Even now as I age and have wrinkles as well, a few sun spots, freckles, strange bumps and lumps – all on my face, knowing that the colours I’m wearing are highlighting my skin in the best way possible and giving an overall impression of health and wellness, is a way to distract so nobody looks too closely (as they might if I was wearing a colour that made me look peaky and ill). And if I’m wearing an eye-enhancing blue, then that will focus you on my eyes, not the blemishes on my face.
I remember as a teenager after finding out that I was a “winter” (old school) and that hot pink was a great colour for me (so much so that it became my “happy” colour too) – that at least I felt better wearing it than when I’d wear my mustard yellow top (yes I had one, and I can’t tell you how many people would ask me if “I was feeling OK” when I wore it!). That impact of colour on my skin – the skin enhancing pink versus jaundice inducing yellow – is one I still carry with me to this day.
Seeing, as I do, just how I can make someone look healthy or ill, flushed or vibrant – depending on the colour that I drape them in is so satisfying, as it’s such an easy way of looking better, no hours in front of the mirror applying makeup.
Finding those signature colours that really make you look amazing is one of my great passions in life. If you’d like to discover the colours that make your skin look more even and healthy, a personal colour analysis is part of my 7 Steps to Style program (and it’s just one of the 7 Steps – you also discover the shapes and styles of clothes, the impact of your personality, plus so much more!).
What are the experiences you have of your skin and how others react to you?

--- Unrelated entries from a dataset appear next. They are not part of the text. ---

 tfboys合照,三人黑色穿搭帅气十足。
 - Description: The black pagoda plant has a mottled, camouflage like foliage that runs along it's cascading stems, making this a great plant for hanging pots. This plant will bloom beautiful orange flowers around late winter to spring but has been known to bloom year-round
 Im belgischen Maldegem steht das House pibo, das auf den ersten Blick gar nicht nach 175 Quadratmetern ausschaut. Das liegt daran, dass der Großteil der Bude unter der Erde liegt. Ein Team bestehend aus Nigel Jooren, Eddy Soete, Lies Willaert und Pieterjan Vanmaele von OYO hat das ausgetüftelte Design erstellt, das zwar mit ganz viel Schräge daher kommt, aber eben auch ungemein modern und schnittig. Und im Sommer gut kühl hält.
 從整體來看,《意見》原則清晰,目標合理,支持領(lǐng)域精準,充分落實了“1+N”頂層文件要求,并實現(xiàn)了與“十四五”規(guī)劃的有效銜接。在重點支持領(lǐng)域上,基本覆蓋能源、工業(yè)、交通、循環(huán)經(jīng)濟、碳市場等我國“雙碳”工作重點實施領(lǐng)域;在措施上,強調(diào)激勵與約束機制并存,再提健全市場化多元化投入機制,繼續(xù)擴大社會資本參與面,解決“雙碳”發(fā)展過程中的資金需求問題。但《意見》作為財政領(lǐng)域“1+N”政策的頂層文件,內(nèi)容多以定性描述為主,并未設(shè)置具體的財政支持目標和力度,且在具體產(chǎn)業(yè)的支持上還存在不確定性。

More Reading on Textures, Patterns and Signature Colours
Linking up with Visible Monday, Style with a Smile, Not Dressed as Lamb, Shoe Nudge, Top of the World
I can so empathize with your experiences! I didn’t get my skin under control until my thirties! Glycolic acid peels keep my skin under control and have lessened scarring and dark pigmentation spots for me. I found that any bar of soap containing animal fat (sodium tallowate) will cause my skin to go bonkers too. I was very good at “covering” with makeup, lol and used to help my coworkers too. I don’t even wear foundation makeup now so that I don’t risk a breakout and just “spot” cover if needed.
It’s not fun feeling like you always have to hide something with makeup!

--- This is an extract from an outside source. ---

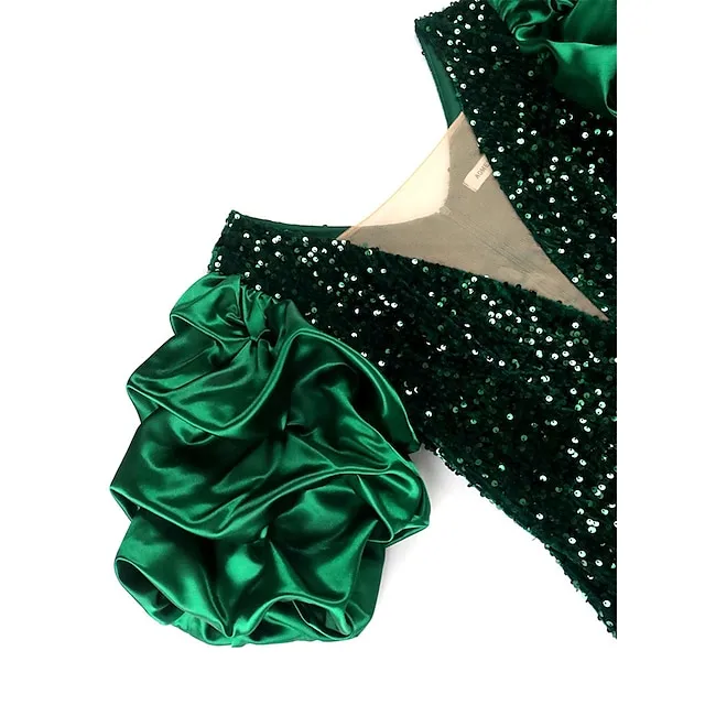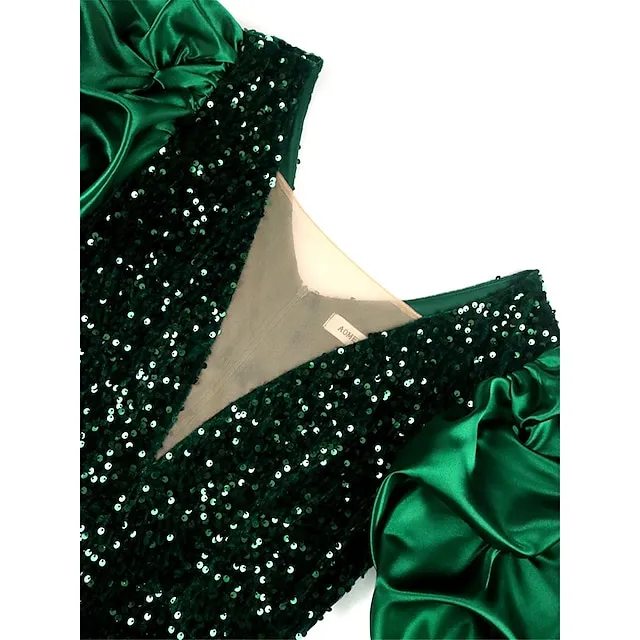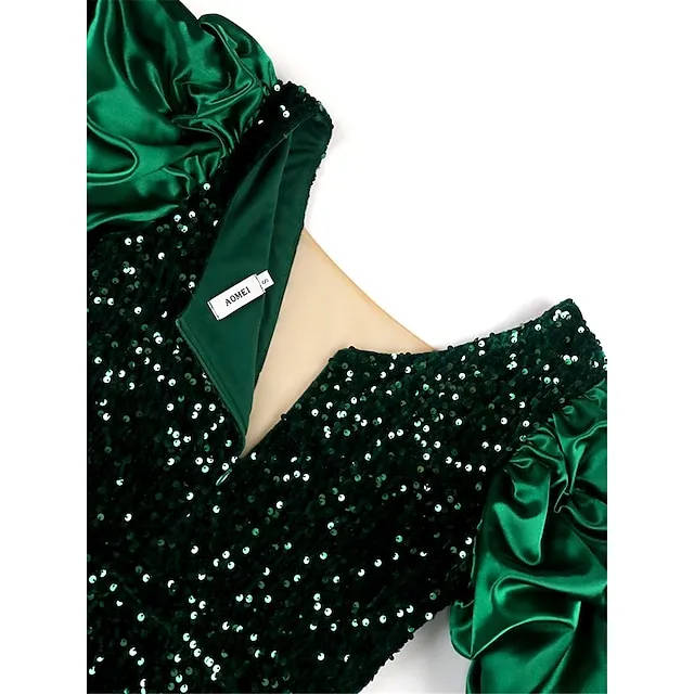 Women’s Sequin Dress Party Dress New Year’s Eve Dress Sparkly Dress Christmas Cocktail Dress Midi Dress Red Dark Green Short Sleeve Sparkly Glitter Summer Spring

Thanks, Imogen! You bring up an issue I struggle with and have not seen addressed elsewhere. I have cool, muted, neutral coloring but have some areas of ruddy skin, especially around my nose and chin. Thanks to you, I know I look best in cool, muted, neutral colors, but I am perplexed by what colors to wear near my face, or on it, to not draw attention to the redness. I tend to avoid lip colors altogether because most pinks, reds, and plums tend to accentuate, or completely blend into, the ruddy areas. I was told browns offset redness, but haven’t found any that look flattering. Do you recommend someone with ruddy skin avoid these colors altogether?
Kristen – my recommendation would be to look at your colour contrast – what you have is a coloured skin – which means you need to wear colours (rather than neutrals) https://insideoutstyleblog.com/2014/11/how-to-find-your-ultimate-contrast-your-three-step-process.html think about wearing blues and greens (rather than reds which will emphasise your pinkness – though the right reds and pinks are never as bad as the wrong ones!). But think colour and even a pattern as well which will distract from your skin.

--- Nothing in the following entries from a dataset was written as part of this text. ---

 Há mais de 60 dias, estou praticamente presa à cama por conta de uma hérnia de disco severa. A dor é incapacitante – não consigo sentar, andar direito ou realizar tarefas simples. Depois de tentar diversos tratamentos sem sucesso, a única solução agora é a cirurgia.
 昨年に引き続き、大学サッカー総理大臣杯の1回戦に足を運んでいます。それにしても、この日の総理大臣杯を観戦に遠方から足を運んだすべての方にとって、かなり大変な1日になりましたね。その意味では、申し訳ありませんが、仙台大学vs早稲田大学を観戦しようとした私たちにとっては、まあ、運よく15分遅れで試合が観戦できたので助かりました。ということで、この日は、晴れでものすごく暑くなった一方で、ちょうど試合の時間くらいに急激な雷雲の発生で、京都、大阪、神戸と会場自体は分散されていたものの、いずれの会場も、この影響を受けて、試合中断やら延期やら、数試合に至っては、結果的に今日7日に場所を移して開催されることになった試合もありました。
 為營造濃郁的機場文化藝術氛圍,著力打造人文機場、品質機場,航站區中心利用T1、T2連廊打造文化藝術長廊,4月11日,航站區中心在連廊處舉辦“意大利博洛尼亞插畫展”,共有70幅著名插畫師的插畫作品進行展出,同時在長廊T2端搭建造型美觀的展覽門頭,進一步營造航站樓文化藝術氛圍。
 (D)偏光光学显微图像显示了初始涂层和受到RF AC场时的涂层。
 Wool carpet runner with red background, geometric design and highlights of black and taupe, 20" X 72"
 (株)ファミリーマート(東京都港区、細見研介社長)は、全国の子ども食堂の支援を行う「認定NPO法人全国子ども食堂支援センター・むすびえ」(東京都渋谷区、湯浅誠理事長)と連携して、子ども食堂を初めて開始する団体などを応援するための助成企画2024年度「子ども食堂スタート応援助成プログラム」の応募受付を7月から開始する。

I relate to your experiences of people pointing out the problems with your skin. I have rosacea and have had several people comment ‘oh your nose is so red!’ then laugh!! It makes me want to comment on how big their bum looks today, or what a bad hair day they’re having, haha!
I’ve now become a makeup wearer, which is not in my nature but necessary to protect my ego. I find that both vibrant and soft pinks as well as indigo/denim colours make my skin look better.